Food commodities’ price spiral

Food commodities’ price spiral

Despite the supply augmenting measures through imports and promulgation of Anti-hoarding and Anti-profiteering Ordinance, the prices of wheat flour, sugar and other food commodities of daily consumption have abnormally gone up, showing no trend of coming down to the demand-supply equilibrium. The flawed decision of import of wheat and sugar through private sector, including some cartels’ stake holders mentioned in Inquiry Commission Report, is one of the reasons of unstable price situation.

Chairing a meeting to review availability and prices of wheat and sugar, Prime Minister Imran Khan directed to keep him regularly apprised of the import process of wheat. He was told that 400,000 metric tonnes of wheat has so far been imported by the private sector and additional import shipments of one million tonnes will reach next month. The Prime Minister was informed that sugar import also continues.

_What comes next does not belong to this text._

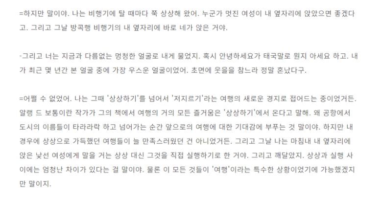 어쩔 수 없었어. 나는 그때 '상상하기'를 넘어서 '저지르기'라는 여행의 새로운 경지로 접어드는 중이었거든. 알랭 드 보통이란 작가가 그의 책에서 여행의 거의 모든 즐거움은 '상상하기'에서 온다고 말해. 왜 공항에서 도시의 이름들이 타라라락 하고 넘어가는 순간 앞으로의 여행에 대한 기대감에 부푸는 것 말이야. 하지만 내 경우에 상상으로 가득했던 여행들이 늘 만족스러웠던 건 아니었거든. 그리고 그날 나는 마침내 내 옆자리에 앉은 낯선 여성에게 말을 거는 상상 대신 그것을 직접 실행하기로 한 거야. 그리고 깨달았지. 상상과 실행 사이에는 엄청난 차이가 있다는 걸 말이야. 물론 이 모든 것들이 '여행'이라는 특수한 상황이었기에 가능했겠지만 말이지.

The law of demand and supply tell that with increase in supply the price level falls. But at present in Pakistan the opposite is happening. After the acute wheat and sugar shortages few months ago, ECC decided to allow private sector to import unlimited quantities of wheat and sugar by doing away with the condition advance payment of income tax and lowered the import duty. At that time an advice was given to the decision makers in the comments of these columns to put in place a mechanism of keeping away the cartels’ stake holders from the import business if government really wants to stabalise the prices of wheat sugar at reasonably low level. However, it was later reported in a leading English daily newspaper that in one of the cabinet meeting some members had questioned the rational of exemption given to certain importers of wheat, who have been found involved in hoarding of the commodity, which led to its shortage and snowballing of price rise. The findings of Inquiry Commission report against the sugar and flour millers have exposed their monopoly, hoarding and Cartelisation tactics to raise prices.

The prevailing retail price of Rs.1400 per 20 kilogram of wheat flour and sale of sugar at Rs.110 per kilogram points to the bitter fact that imported quantities of these food commodities have ended up in the hands of cartels. The phenomenon of unbridled price spiral has to be summed up in the famous sayings of founder of “Classical School of Economic Thought,” Dr. Adam Smith. “If wishes were horses, beggars might have riding on them all the time.” Hopefully, strong administrative and legal actions shall be taken as mere review meetings will not achieve stability in the prices of essential food commodities.